• _Data provided_
● ● ●

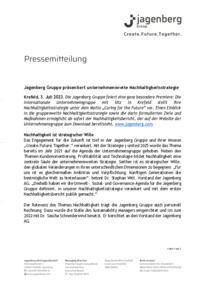 Jagenberg Gruppe präsentiert unternehmensweite Nachhaltigkeitsstrategie Krefeld, 3. Juli 2023. Die Jagenberg Gruppe feiert eine ganz besondere Premiere: Die internationale Unternehmensgruppe mit Sitz…
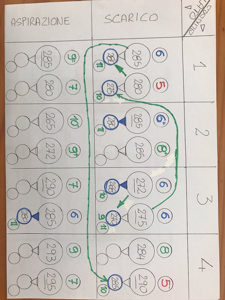 Direi che l'aspirazione, tranne forse una, è a posto. Secondo me il gioco delle valvole di scarico va aumentato.
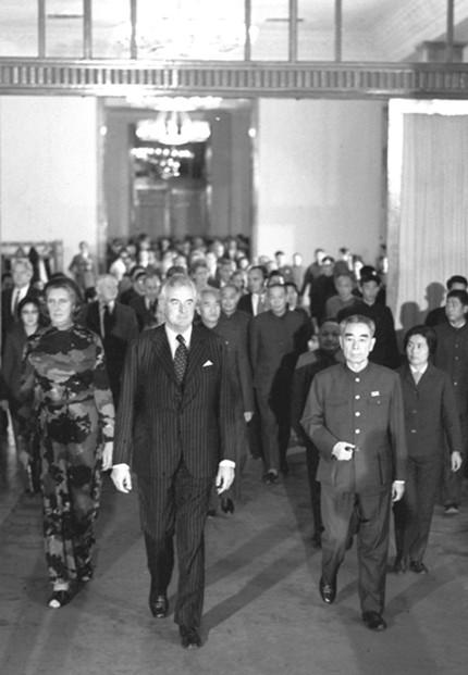 ????惠特拉姆被澳大利亞人譽為“澳中建交之父”。幾乎與基辛格博士秘密訪華同時,惠特拉姆1971年7月率澳大利亞工黨代表團訪華?;萏乩反文贲A得選舉并出任澳大利亞總理后,立即推動了澳大利亞與新中國正式建交,使澳大利亞成為較早與新中國建交的西方國家之一。
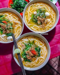 3 Bún đỏ Nước dùng màu đỏ đặc trưng, gạch cua, trứng cút, tóp mỡ.
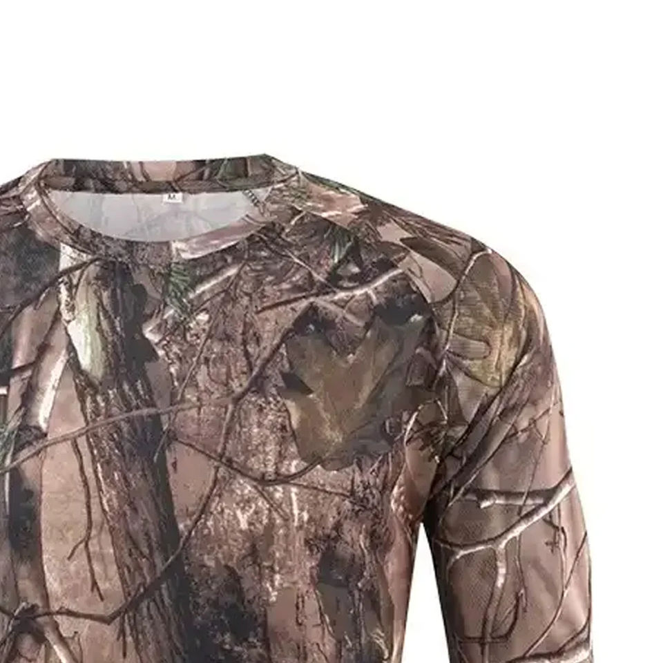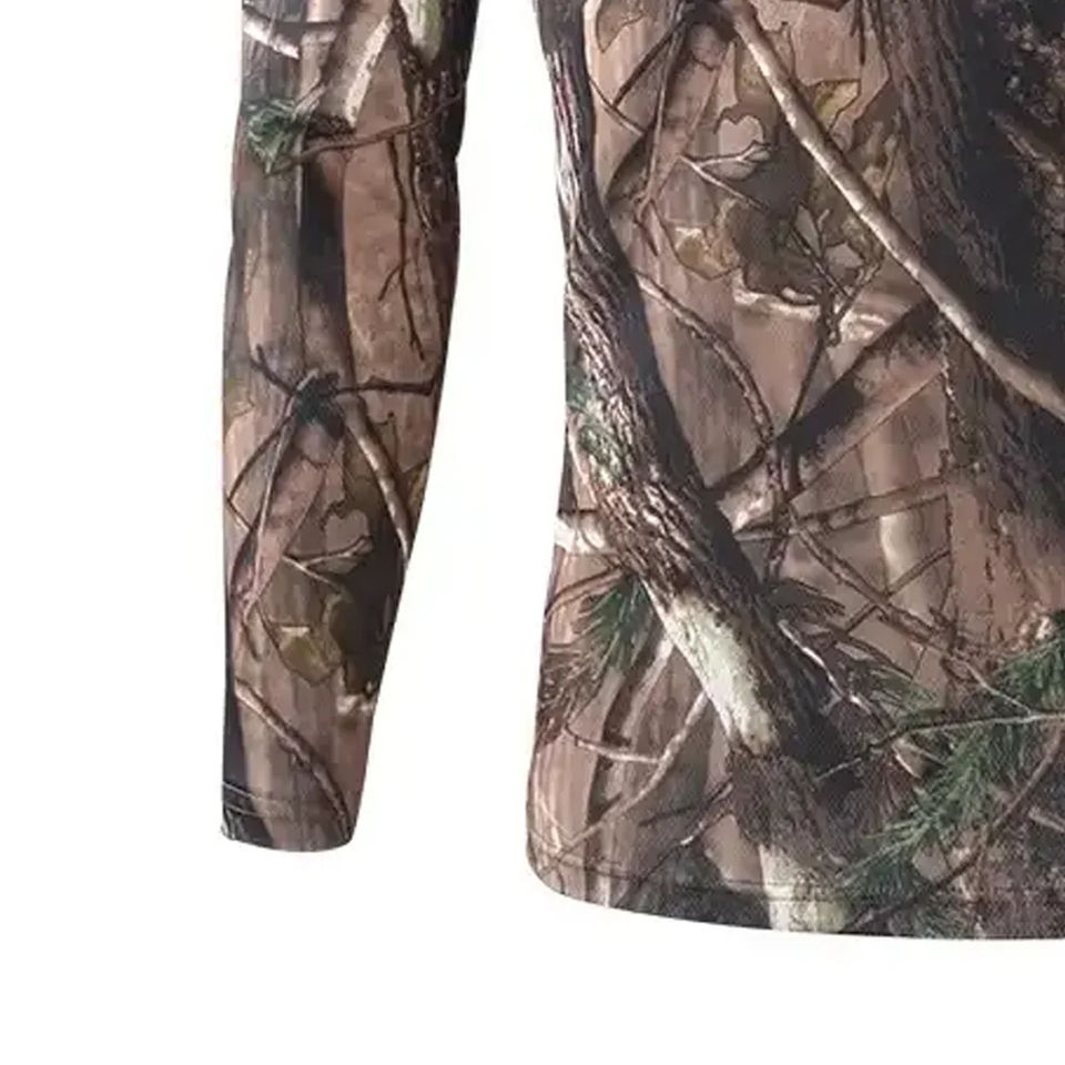เสื้อยืดแขนยาวลายพรางป่าสำหรับนักล่า ให้ความอบอุ่นและยืดหยุ่น เหมาะสำหรับใช้ในฤดูใบไม้ร่วง เสื้อยืดสำหรับนักล่าชาย
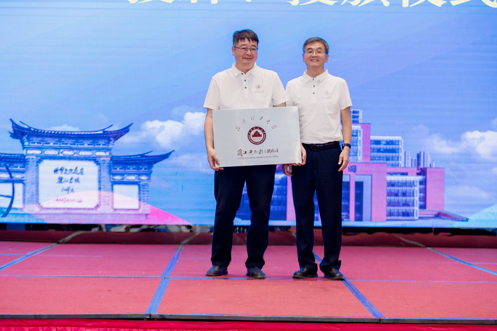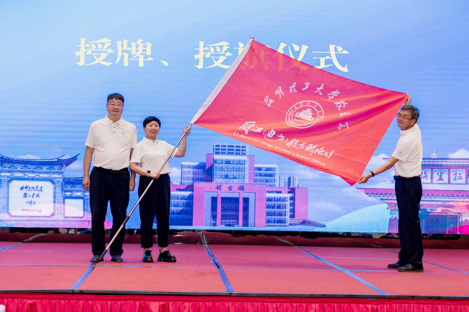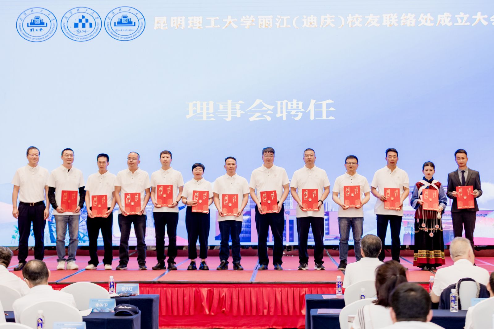根据大会议程,现场还进行了丽江(迪庆)校友联络处授牌、授旗仪式、理事成员聘任、兄弟校友会代表发言并赠送纪念品等环节。
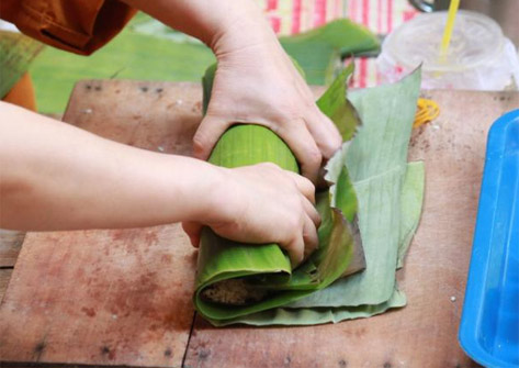 Sau đó, bạn gói lớp lá chuối ở giữa để cố định hình dáng gạo, tiếp theo dùng 2 lớp lá chuối bên ngoài cuộn chặt lại, gấp 2 bên mép để tạo thành một chiếc bánh hoàn chỉnh. Các thao tác cuộn lá chuối, gấp mép phải thật chắc tay để bánh chặt và đẹp.
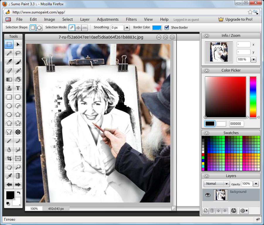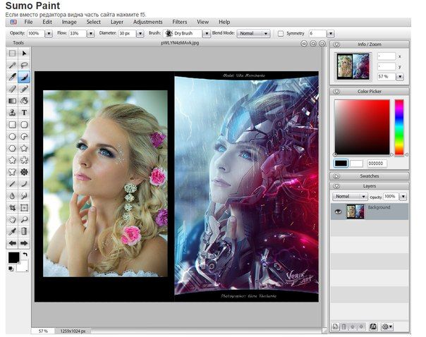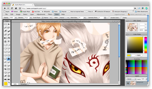 Sumo Paint — бесплатный графический онлайн-редактор, основанный на Flash-технологиях. Функционально очень похож на Photoshop.
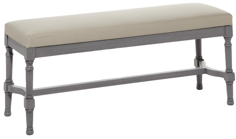 This matte gray entry bench has a rectangular shape and turned wood legs
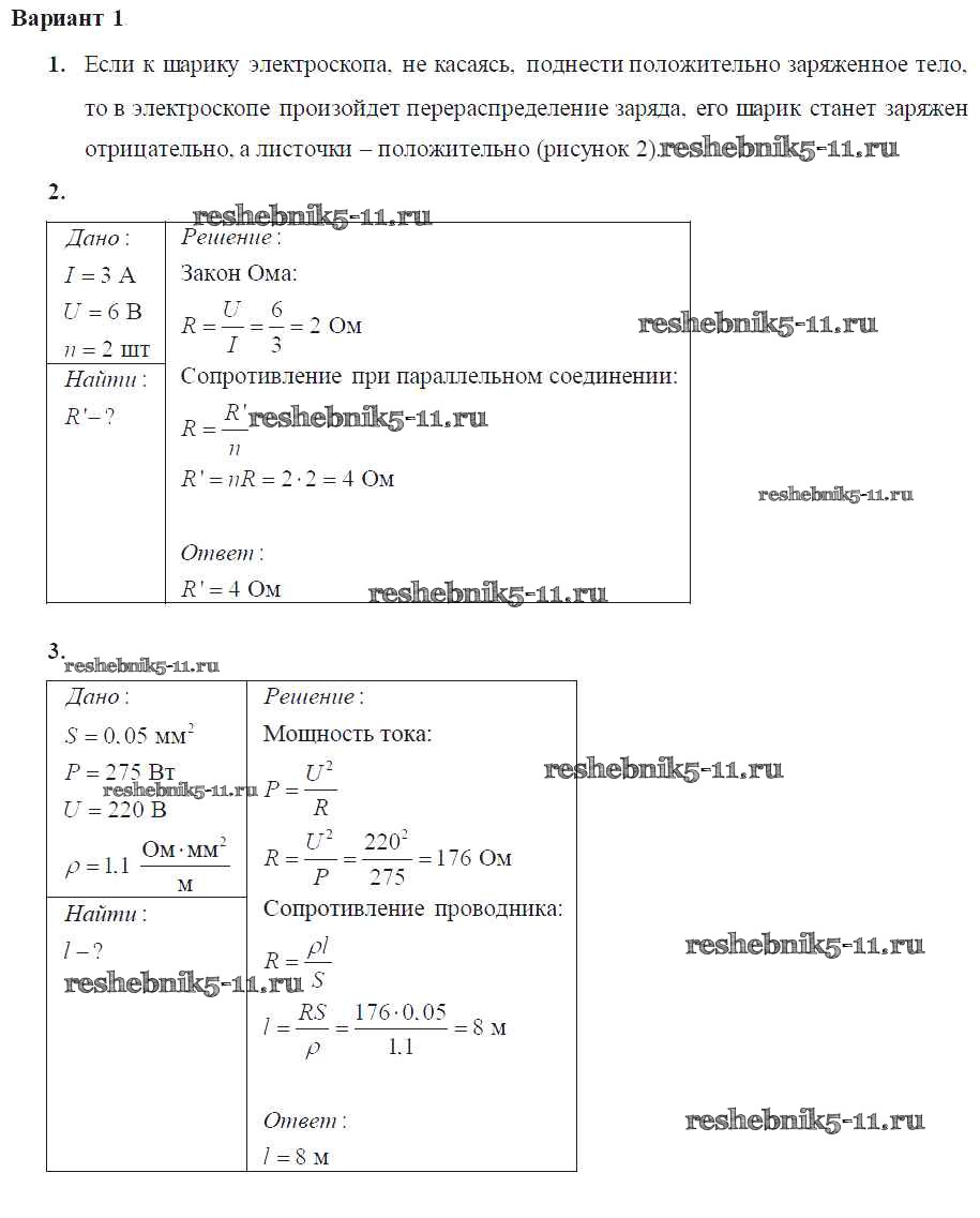 Готовая домашняя работа с ответами по Физике за 8 класс Марон Самостоятельные и контрольные работы Вертикаль Дрофа 2017 ФГОС - КР-№2 Вариант-1
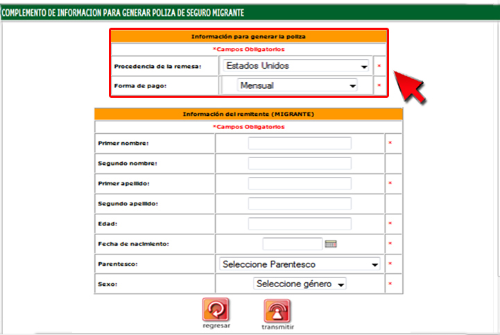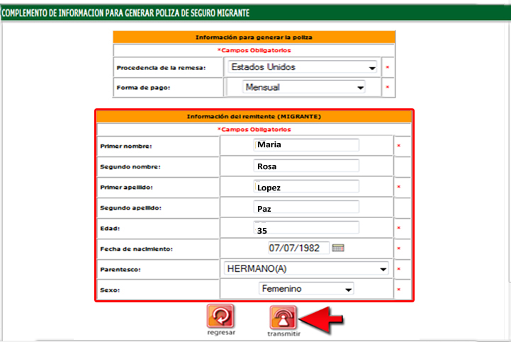 8. En el apartado "Información del remitente (Migrante)" ingrese la información del cliente al que se le adjudicará el seguro y presione el botón "Transmitir".
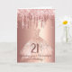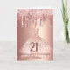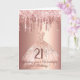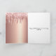 Chic Birthday card features a rose gold background with dripping glitter and a gorgeous dress.
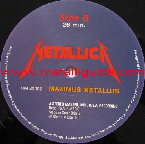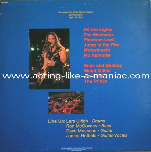 Type Of Vinyl: LP Country / Year: England/1988 Company: Stereo Master Inc. Source / Date: The Stone, San Francisco, USA, 18/09/82 Matrix: HM 82982-A & HM 82982-B Track List: A. Hit The Lights, The Mechanics, Phantom Lord, Jump In The Fire, Motorbreath, No Remorse B. Seek And Destroy, Metal Militia, Am I Evil ?, The Prince
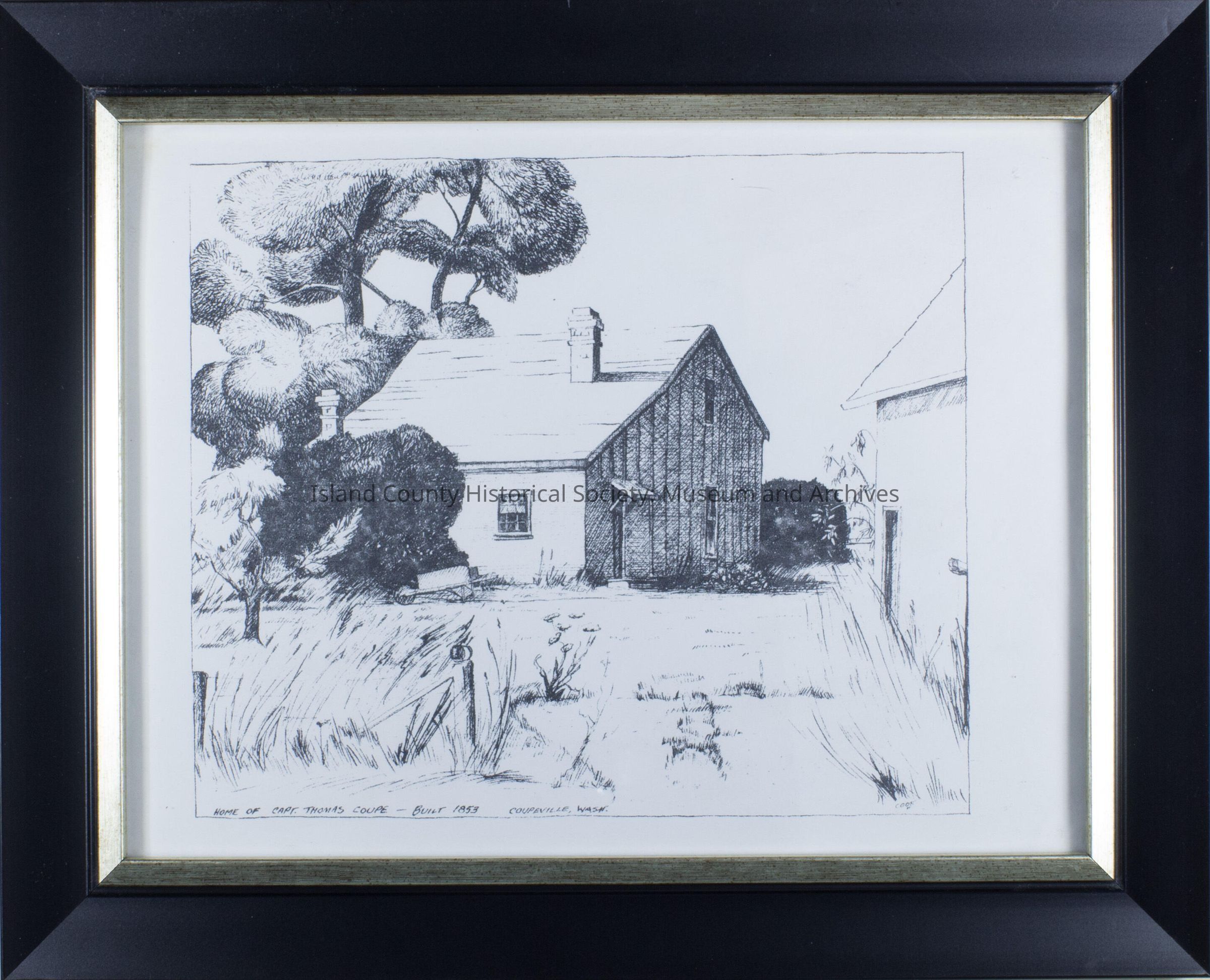 A black and white drawing in a frame of the (handwritten on the front) "Home of Capt. Thomas Coupe ---Built 1853 Coupeville, Wash."Lexicon
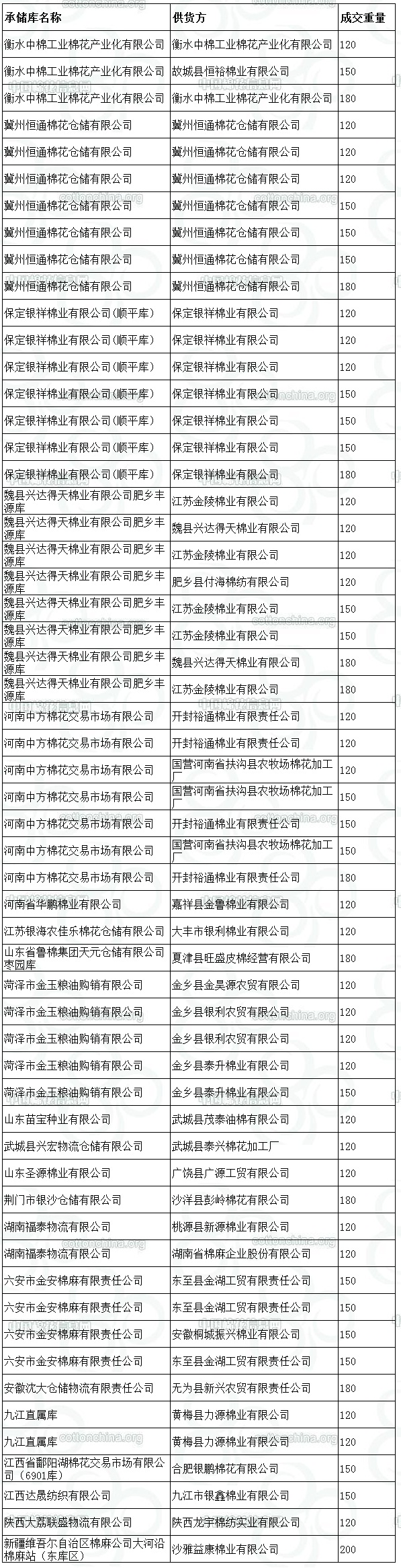 錦橋紡織網(wǎng)—資訊頻道> 棉花信息> 收儲(chǔ)>正文 1月31日收儲(chǔ)成交結(jié)果

● ● ●

• _Goal of the exercise_
Each entry shown above must be quoted exactly, with its pictures left out.

• _Result_
 Jagenberg Gruppe präsentiert unternehmensweite Nachhaltigkeitsstrategie Krefeld, 3. Juli 2023. Die Jagenberg Gruppe feiert eine ganz besondere Premiere: Die internationale Unternehmensgruppe mit Sitz…
 Direi che l'aspirazione, tranne forse una, è a posto. Secondo me il gioco delle valvole di scarico va aumentato.
 ????惠特拉姆被澳大利亞人譽為“澳中建交之父”。幾乎與基辛格博士秘密訪華同時,惠特拉姆1971年7月率澳大利亞工黨代表團訪華?;萏乩反文贲A得選舉并出任澳大利亞總理后,立即推動了澳大利亞與新中國正式建交,使澳大利亞成為較早與新中國建交的西方國家之一。
 3 Bún đỏ Nước dùng màu đỏ đặc trưng, gạch cua, trứng cút, tóp mỡ.
เสื้อยืดแขนยาวลายพรางป่าสำหรับนักล่า ให้ความอบอุ่นและยืดหยุ่น เหมาะสำหรับใช้ในฤดูใบไม้ร่วง เสื้อยืดสำหรับนักล่าชาย
根据大会议程,现场还进行了丽江(迪庆)校友联络处授牌、授旗仪式、理事成员聘任、兄弟校友会代表发言并赠送纪念品等环节。
 Sau đó, bạn gói lớp lá chuối ở giữa để cố định hình dáng gạo, tiếp theo dùng 2 lớp lá chuối bên ngoài cuộn chặt lại, gấp 2 bên mép để tạo thành một chiếc bánh hoàn chỉnh. Các thao tác cuộn lá chuối, gấp mép phải thật chắc tay để bánh chặt và đẹp.
 Sumo Paint — бесплатный графический онлайн-редактор, основанный на Flash-технологиях. Функционально очень похож на Photoshop.
 This matte gray entry bench has a rectangular shape and turned wood legs
 Готовая домашняя работа с ответами по Физике за 8 класс Марон Самостоятельные и контрольные работы Вертикаль Дрофа 2017 ФГОС - КР-№2 Вариант-1
 8. En el apartado "Información del remitente (Migrante)" ingrese la información del cliente al que se le adjudicará el seguro y presione el botón "Transmitir".
 Chic Birthday card features a rose gold background with dripping glitter and a gorgeous dress.
 Type Of Vinyl: LP Country / Year: England/1988 Company: Stereo Master Inc. Source / Date: The Stone, San Francisco, USA, 18/09/82 Matrix: HM 82982-A & HM 82982-B Track List: A. Hit The Lights, The Mechanics, Phantom Lord, Jump In The Fire, Motorbreath, No Remorse B. Seek And Destroy, Metal Militia, Am I Evil ?, The Prince
 A black and white drawing in a frame of the (handwritten on the front) "Home of Capt. Thomas Coupe ---Built 1853 Coupeville, Wash."Lexicon
 錦橋紡織網(wǎng)—資訊頻道> 棉花信息> 收儲(chǔ)>正文 1月31日收儲(chǔ)成交結(jié)果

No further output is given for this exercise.